My original intention was to just notify everyone that the cd's were available and work perfect, and also to supply the part #. I have no intention NOW of selling any of the disk I have.


----------



## phaetonenvy (Jun 2, 2006)

Looks like I am up. I will find them on amazon and place an order. I will post when they arrive.

Michael gets Seattle.

Coolsig do you want CA?

Ttnowles, Colorado?

Motorista, Northeast and midwest?

Once I know the disc numbers, I will update this post.

Joe


----------



## phaetonenvy (Jun 2, 2006)

PhaetonNC, sorry for the threadjack and nice bike. Gotta love a carbon frame.


----------



## Phaeton04 (Aug 10, 2011)

*CD's on Amazon?*

I was so ecstatic to find this thread however I am unable to locate them on amazon.com or .ca. Has anyone had any luck ordering from the BMW dealer or other vender? On a similar note has anyone had any issues with the Navi disk drive not loading the disks and just spitting them out?!


----------



## invisiblewave (Sep 22, 2008)

http://www.amazon.com/BMW-Navigation-2008-2011-2005-2010-Convertible/dp/B006YHO6UI


----------



## invisiblewave (Sep 22, 2008)

Joe, I'll take the Texas cd off your hands if it hasn't already gone.


----------



## invisiblewave (Sep 22, 2008)

Phaeton04 said:


> I was so ecstatic to find this thread however I am unable to locate them on amazon.com or .ca.
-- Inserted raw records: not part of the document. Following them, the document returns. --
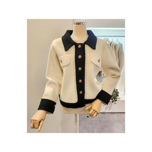 [클리지]CO8WJK23 카라 배색 금단추 니트 자켓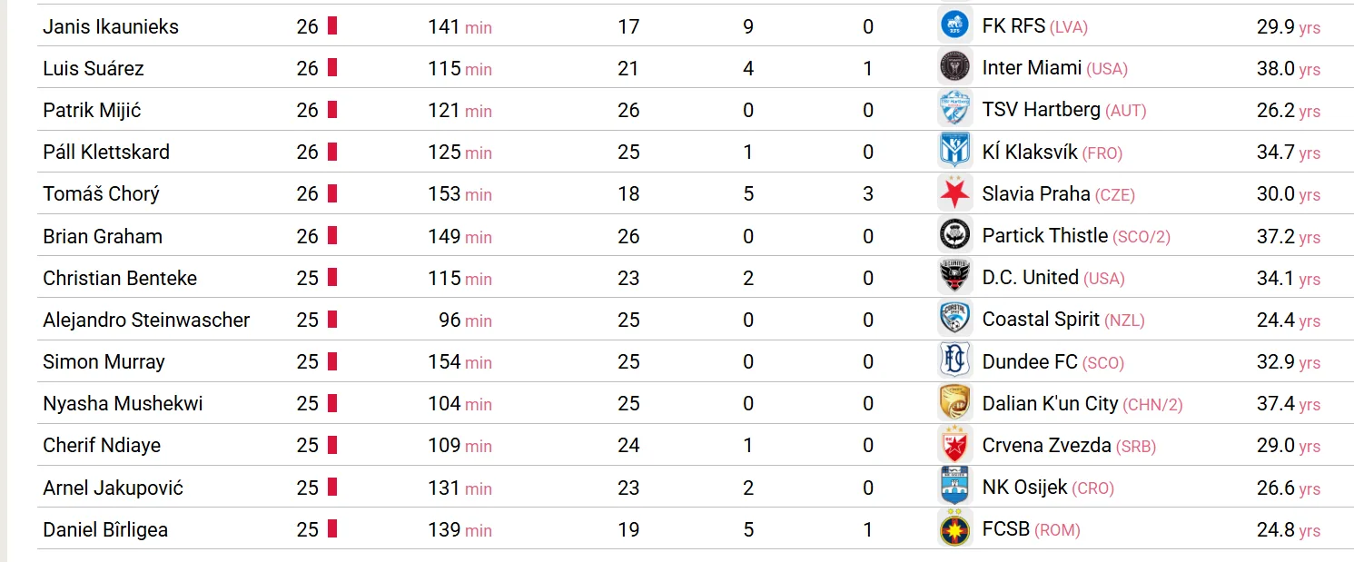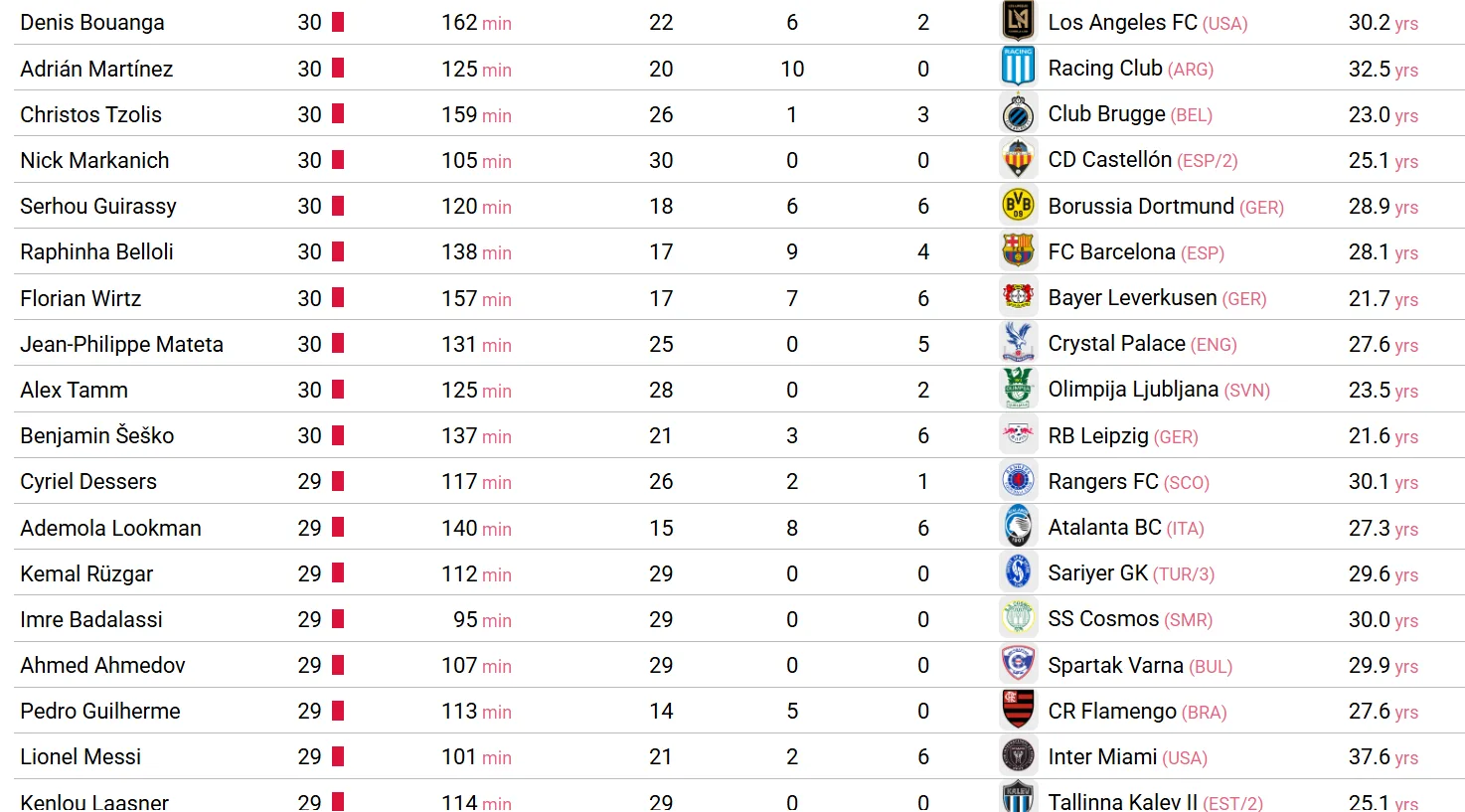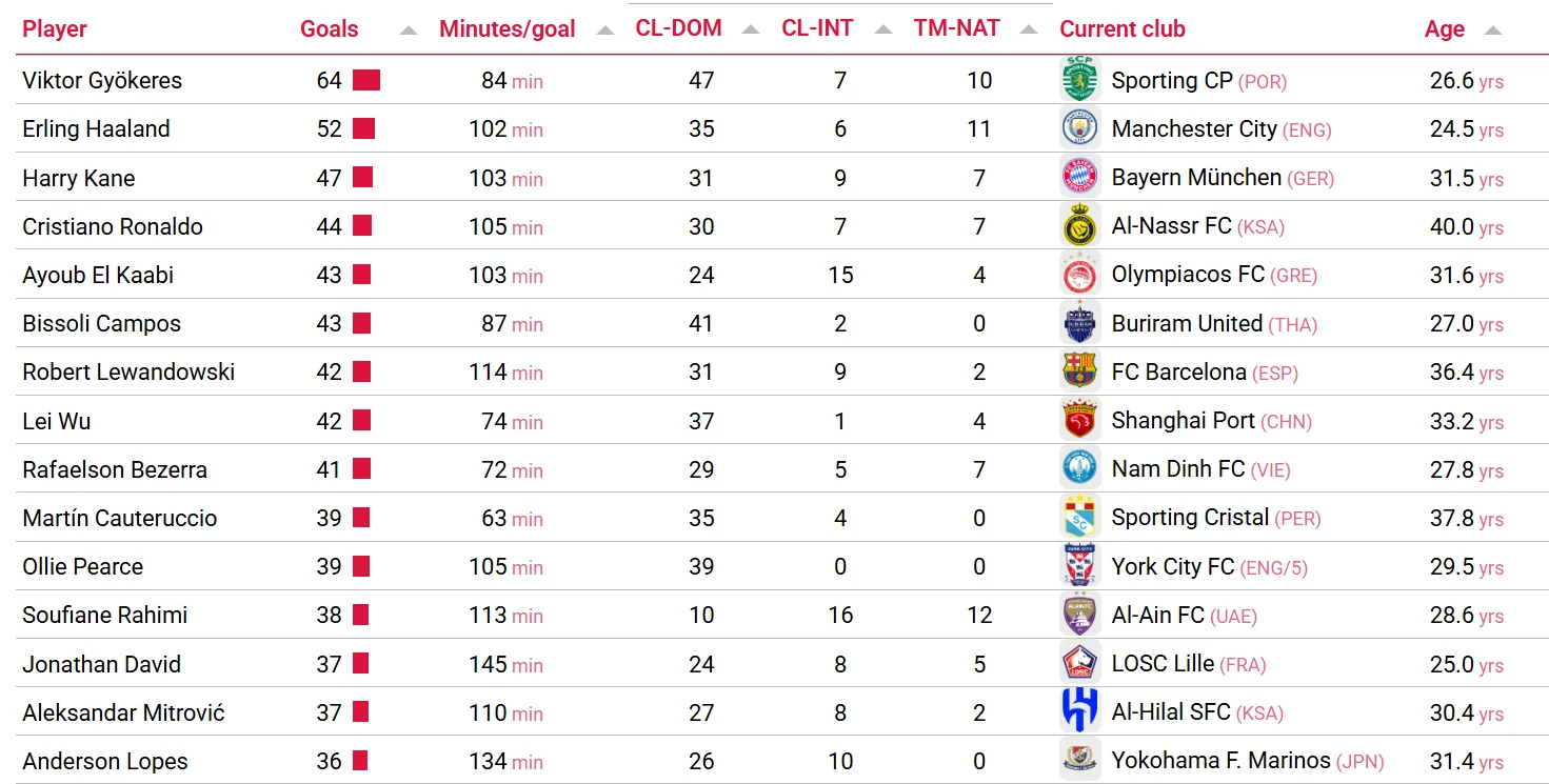 A liderança do ranking em 2024 ficou com Viktor Gyökeres do Sporting, com 64 gols. Em seguida aparece Haaland, do Manchester City, (52), seguido de Harry Kane, do Bayern de Munique (47) e Cristiano Ronaldo, do Al-Nassr (44).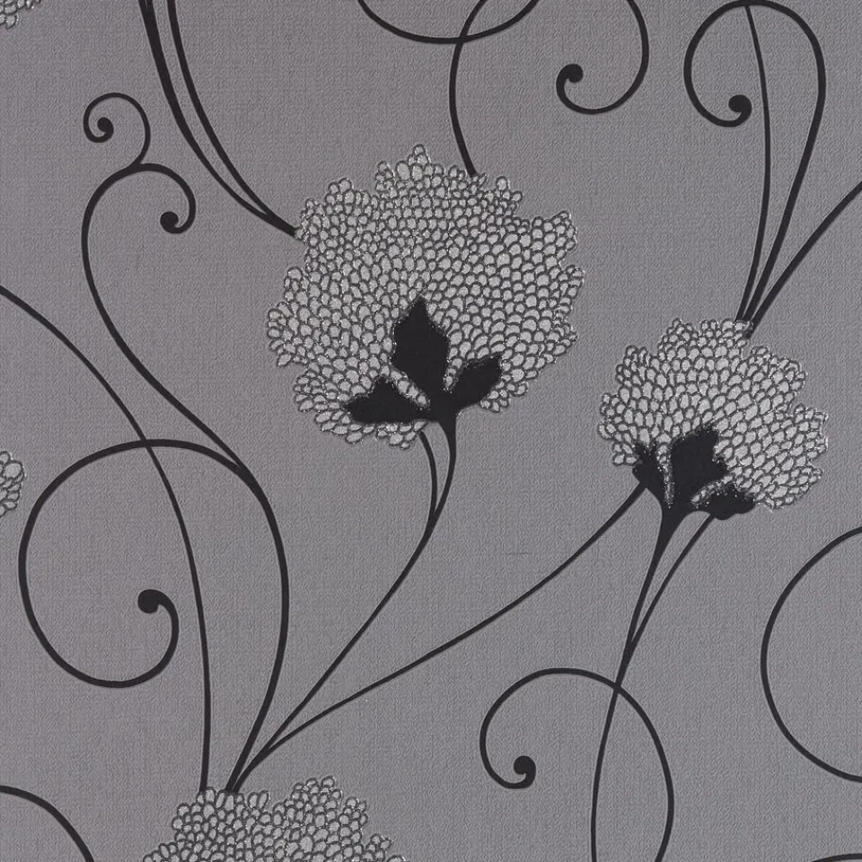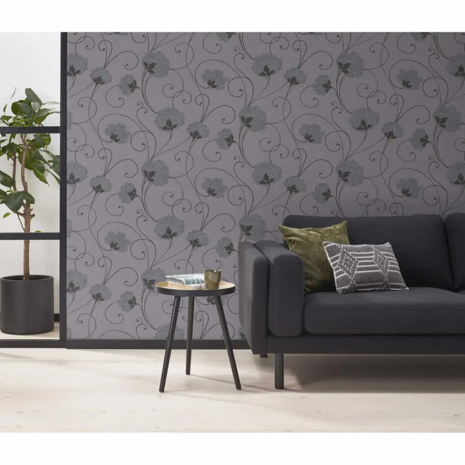 Vliesbehang grijs met sierlijk bloemdessin. Normaal afwasbaar. Voorzien van het FSC-keurmerk. Plakken met Perfax Roll-On. 10 meter per rol.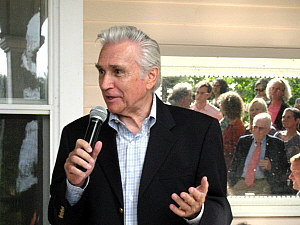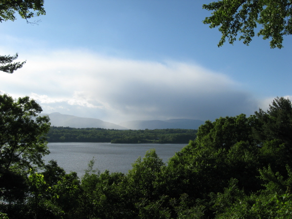 It was a party with a beautiful purpose. On Saturday, as the mighty and the almost meek met on the grounds of Joan Davidson's elegantly unpretentious riverfront property for their annual update on efforts to preserve the glories of the Hudson River Valley, speechifying politicians didn't stand a chance against the silent profundity of the view (above). Nonetheless, two United States Congressmen and a State Parks Commissioner preached to an appreciative choir, giving thanks where it was due throughout the crowd, none more so than to the hostess herself.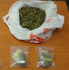 τρεις νάιλον συσκευασίες που περιείχαν ακατέργαστη κάνναβη συνολικού βάρους 431 γραμμάριων και δύο κινητά τηλέφωνα ως μέσα διευκόλυνσης διακίνησης ναρκωτικών.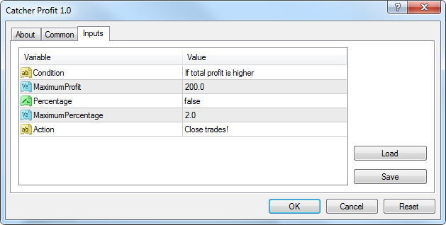 The "Reset" button returns all default settings. Parameters defined in the terminal settings are given in the "Common" tab. And parameters defined in the program source code are set as inputs. To attach the expert with the new parameters to a chart, one has to press "OK". To cancel the expert imposing, one has to press the button of the same name.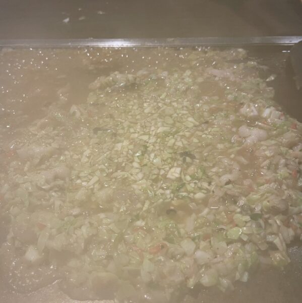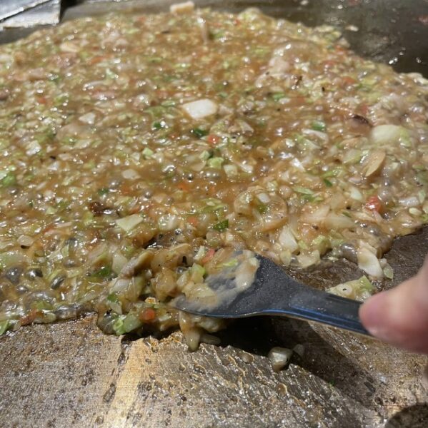 先ずは具材だけを鉄板でよーく炒めて土手を作ります!
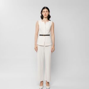 Minimalist short-sleeve top made from textured tweed. Features a subtle flared hem and silver buttons, ideal for casual to formal occasions.

Has anyone had any luck ordering from the BMW dealer or other vender? On a similar note has anyone had any issues with the Navi disk drive not loading the disks and just spitting them out?!


 Yeah, mine was replaced under warranty a while back. It was taking them in, scratching them, then spitting them back out. The repair was about $1200, but someone posted that you can buy the Sony drive yourself for a helluva lot less if you don't have a warranty.


----------



## Phaeton04 (Aug 10, 2011)

I just want to confirm that this will work for the 2004 Phaeton?


----------



## phaetonenvy (Jun 2, 2006)

Yes. These are the nav cd's for the 2004 2005 2006 NAR Phaeton.


----------



## phaetonenvy (Jun 2, 2006)

Invisiblewave has texas


----------



## Victor R (Jan 7, 2010)

I'd like Pennsylvania if possible. 

Victor


----------



## acoop (Jan 2, 2012)

*nav cd's available*

hi. I am going to order the set of bmw nab cd's. I broke my original phaeton vw cd. I will not need any but the north east. I live in n.y. So other then the northeast to about the d.c. area, the discs will be available. Just pay me what you wish. I don't much care. I have gotten so much from this site for years...u guys are great. If you want one free just ask also. arthur . btw I was a member for years as artcooperman....lost my password and had to reset everything.


----------



## acoop (Jan 2, 2012)

*nav cd's available*

If it comes with the canada cd..its yours Michael. I have family there but never visit. Its too close to the north pole. lol. when i get them, just tell me where to ship. i will let you know


----------



## ron kramer (Apr 16, 2007)

*Nav CD*

After Stefano gets his I would like the next North East CD Also the South East whenever it becomes available.


----------



## Motorista (Oct 28, 2005)

*Northeast and midwest*

Joe, I'm confirming NorthEast and Midwest: just IM me with price, contact info and instructions for payment. 
Stefano


----------



## ttowles (Jan 18, 2012)

Confirming I received the Rocky Mountains region CD and it works perfectly. 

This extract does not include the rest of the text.